What we did here is to just move the implementation of the iterator seen in the previous section into the Symbol.iterator function.

Note that it is possible to come up with an implementation that can satisfy the Iterator and the Iterable protocols at the same time :

const genFib = (max = Number.MAX_SAFE_INTEGER) => {
  let n1 = 0
  let n2 = 0

  return {
    // this satisfies the Iterator protocol
    next: () => {
      let nextVal = n2 === 0 ? 1 : n1 + n2

      const prevVal = n2
      n2 = nextVal
      n1 = prevVal

      let done = false
      if (nextVal >= max) {
        nextVal = undefined
        done = true
      }

      return { value: nextVal, done }
    },

    // this satisfies the Iterable protocol
    [Symbol.iterator] () {
      // returns `this` because the object itself is an iterator
      return this
    }
  }
}

The comments in the code should help you to understand the logic in these 2 implementations.

With this new approaches you can generate numbers from the Fibonacci sequence as follows:

// prints all the numbers in the sequence until MAX_SAFE_INTEGER
const f = genFibIterable()
for (let n of f) {
  console.log(n)
}

// creates an array with all the Fibonacci numbers lower than 17
const f2 = genFibIterable(17)
const lowerThan17 = [...f2] // [ 1, 1, 2, 3, 5, 8, 13 ]

If at this point you are still struggling to see the logical difference between an iterator and an iterable object you can see it this way:

  • An iterable is an object on which you can iterate over.
  • An iterator is a cursor object that allows you to iterate over an iterable.

Generators

Another great addition coming from ECMAScript 2015 to JavaScript are Generators. More specifically, ECMAScript 2015 defines Generator functions and Generator objects.

A function* declaration (function keyword followed by an asterisk) defines a Generator function, which returns a Generator object.

Generators are functions which can be exited and later re-entered. Their context (variable bindings) will be saved across re-entrances.

To simplify this concept a bit, you can see generator functions as functions that can “return” (or “yield”) multiple times.

Let’s explore the generator syntax with a simple example:

// generator function
function* countTo3() {
  yield 1
  yield 2
  return 3
}

In this example we are defining a counter that generates numbers from 1 to 3. We can use it as follows:

// c is a generator object
const c = countTo3()
c.next() // { value: 1, done: false }
c.next() // { value: 2, done: false }
c.next() // { value: 3, done: true }
c.next() // { done: true }
c.next() // { done: true }
// ...

So, the way a generator works is the following:

  • When you invoke a generator function, a generator object is returned.
  • Generator objects have a next() method.
  • When you invoke the next() method of a generator object the code of the generator will be executed until the first yield (or return) is encountered.
  • If a yield was found, the code is stopped and the yielded value will be passed to the invoking context though an object with the following shape: { value: <yieldedValue>, done: false }.
  • The next time next() is invoked, the execution will be resumed from the point where it was initially suspended until a new yield or return is found.
  • If a return statement is found (or the function completes), the object returned will look like: { value: <returnedValue>, done: true } (notice the done now set to true).
  • Once the generator has completed, consecutive calls to next() will always produce { done: true }.

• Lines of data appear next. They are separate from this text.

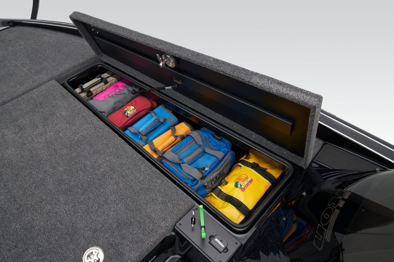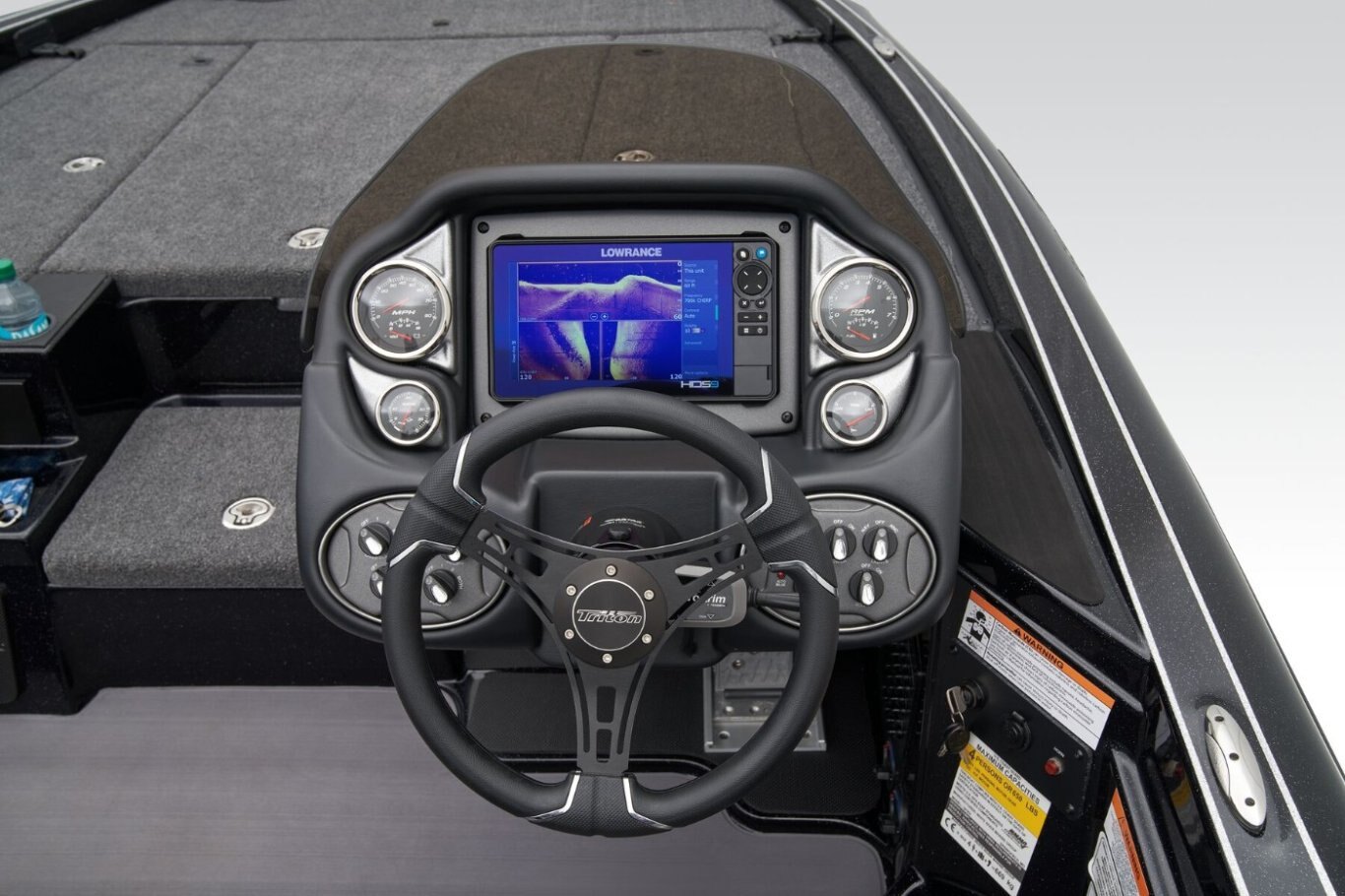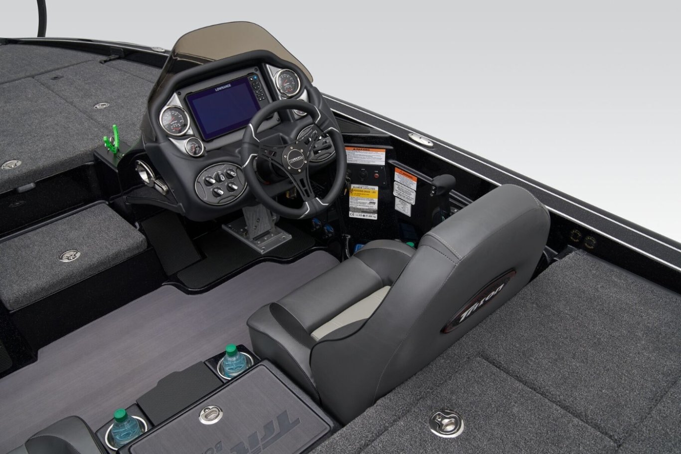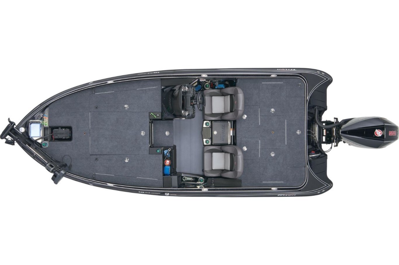 The 19 TrX Patriot is loaded with features and high-performance stealth in a value package that is ideal for the hardcore weekend tournament angler. You get big-rig amenities inspired by championship results in a tournament-ready 19' class package. Armed with 225 horses, the 19 TrX Patriot is factory rigged with a Mercury® outboard, Lowrance® electronics, and Lowrance® trolling motor. There is no wasted space in a Triton—an 8' rod rack with 12-rod capacity, center storage box tackle organizing system and oversized storage compartments throughout mean you never leave anything behind. With a custom designed, road-trip ready trailer, the 19 TrX Patriot is ready to roll.
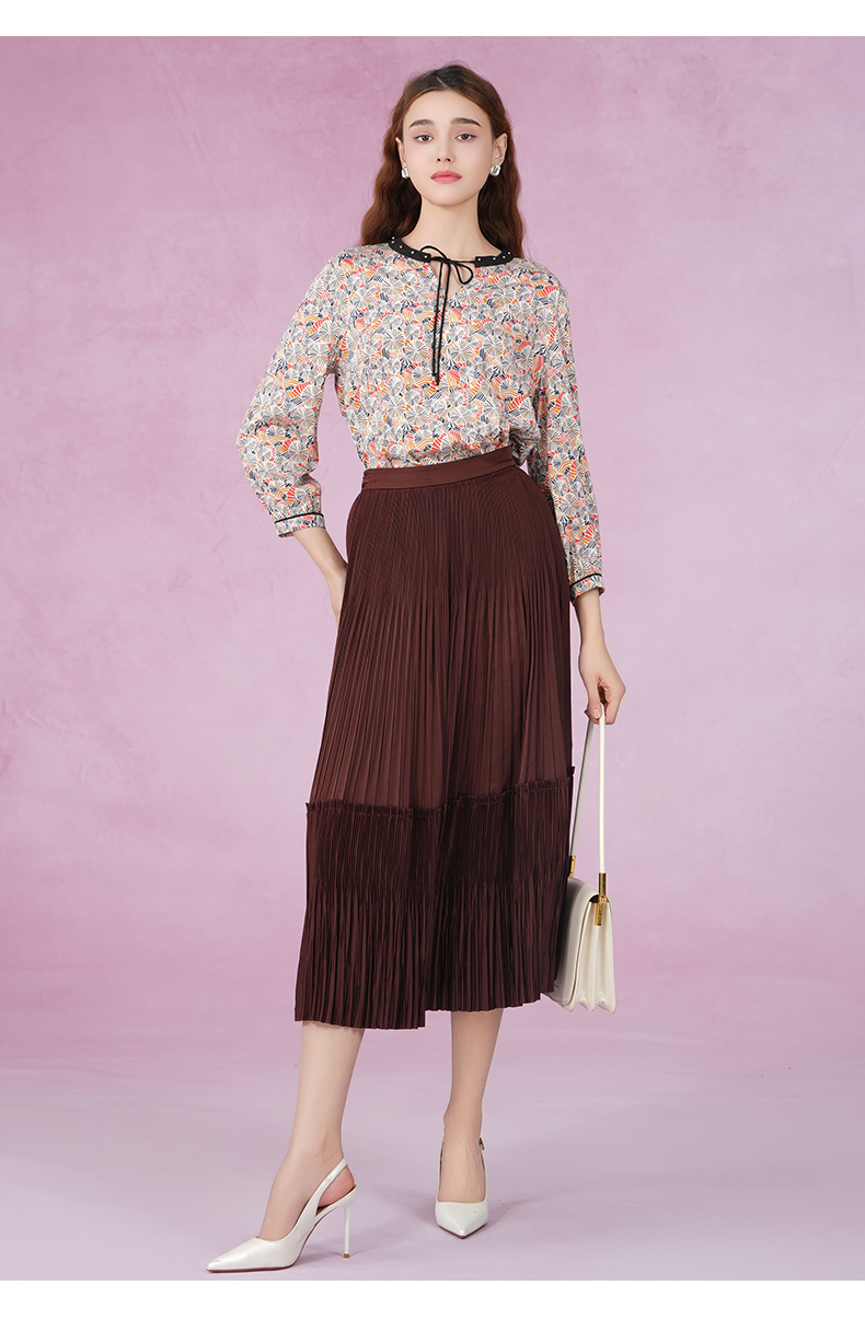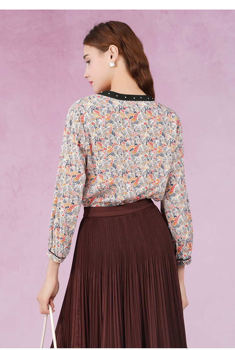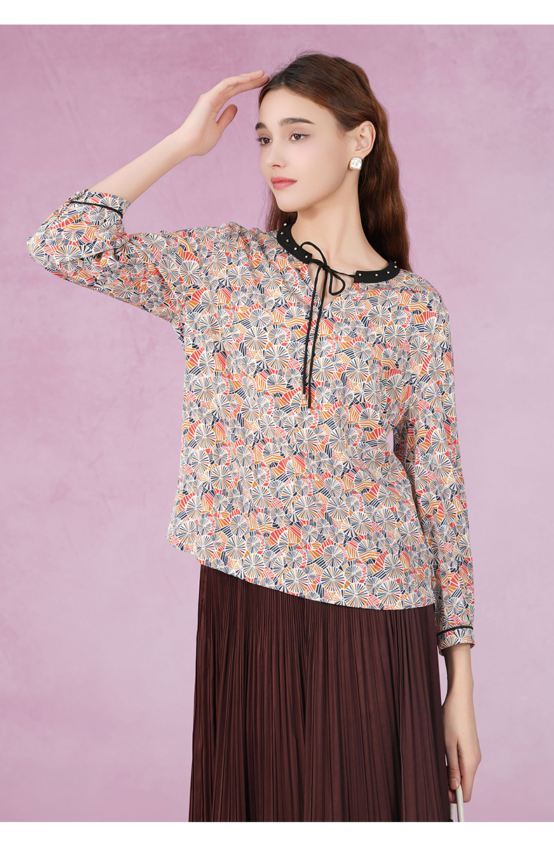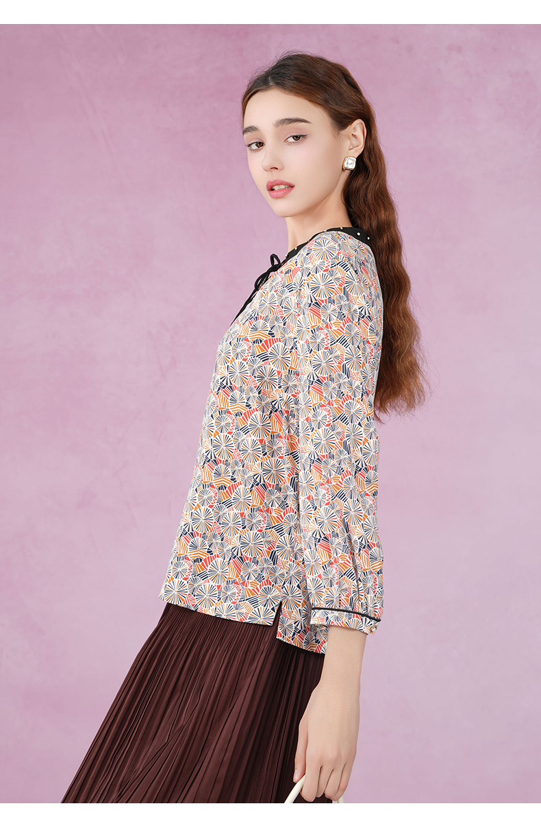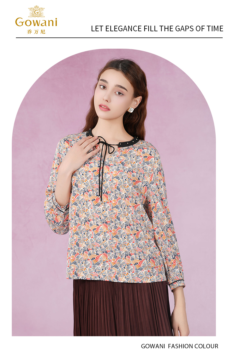 乔万尼夏季新款真丝衬衫清新减龄系带衬衣EI2C733
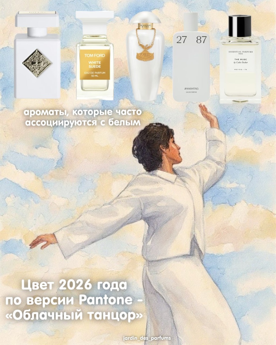 Только что прошла новость: Цветом 2026 года по версии Pantone назван «облачный танцор» — нейтральный белый. «Нейтральный белый, приносящий спокойствие, ясность и творческое дыхание в шумный мир», — говорится в сообщении Pantone в X. Initio Musk Therapy Tom Ford White Suede Essential Parfums The Musc 27 87 # Hashtag The Merchant of Venice My Pearls Предлагаю аромабокс на данную животрепещущую тему.

Of course, the reason why we are exploring this topic is because we can implement our Fibonacci sequence as a generator:

function* Fib (max = Number.MAX_SAFE_INTEGER) {
  // initialize the state variables
  let n1 = 0
  let n2 = 0
  // we can now pre-initialize nextVal to 1 as part of the state
  let nextVal = 1

  // loop until we exceed the max number
  while (nextVal <= max) {
    // yields the current value
    yield nextVal

    // shifts nextVal -> n2 and n2 -> n1
    const prevVal = n2
    n2 = nextVal
    n1 = prevVal

    // calculates the next value
    nextVal = n1 + n2
  }
}

The comments in the code should help you with understanding this implementation.

You can immediately notice that since we don’t have to deal with a nested function, the implementation seems easier to read, or at least it might feel easier to read the code and understand the actual execution flow.

For this reason, you might prefer to use generators over plain functions in this kind of scenarios.

We can use our new generator-based Fibonacci sequence as in this example:

const fib = Fib(6)
fib.next() // { value: 1, done: false }
fib.next() // { value: 1, done: false }
fib.next() // { value: 2, done: false }
fib.next() // { value: 3, done: false }
fib.next() // { value: 5, done: false }
fib.next() // { done: true }

// or

const fib2 = Fib(6)
let result = fib2.next()
while (!result.done) {
  console.log(result.value)
  result = fib2.next()
}
// 1
// 1
// 2
// 3
// 5

At this point you might be wandering:

Is a generator object an iterator or an iterable?

Well, it turns out that a generator object is both an iterator and iterable!

So you can also use our latest implementation with the for...of and the spread syntax:

const fib = Fib(6)
for (let current of fib) {
  console.log(current)
}
// 1
// 1
// 2
// 3
// 5

// or
const fib2 = Fib(6)
[...fib2] // [ 1 1 2 3 5 ]

Finally, since generators are iterators, you can use them as Symbol.iterator property of an iterable object. This could help you to define the iteration logic in a more elegant and concise way, taking advantage of the yield keyword.

To some extent, you can see generators as a syntactic sugar to define iterable objects.

Conclusion

In this article we learned about different ways to generate dynamic sequences using plain functions, iterators, iterables and generators.

Notice that these approaches are ideal when the operation needed to generate the next element is synchronous (it doesn’t require external resources to be loaded asynchronously).

When you have to iterate over values that become available asynchronously you have to rely on different patterns such as event emitters, streams, or async iterators.

Also, notice that generators have some interesting advanced features not covered in this article, like the opportunity to pass new values in the context every time .next() is called or to throw exceptions, so make sure you checkout the generators documentation.

If you liked this article and you are interested in similar content, be sure to checkout my book Node.js Design Patterns.

Node.js Design Patterns Second Edition by Mario Casciaro and Luciano Mammino

This book contains more than 500 pages, filled with more than 100 examples on Node.js (and JavaScript) design patterns. I am sure you won’t be disappointed!

Have fun! :)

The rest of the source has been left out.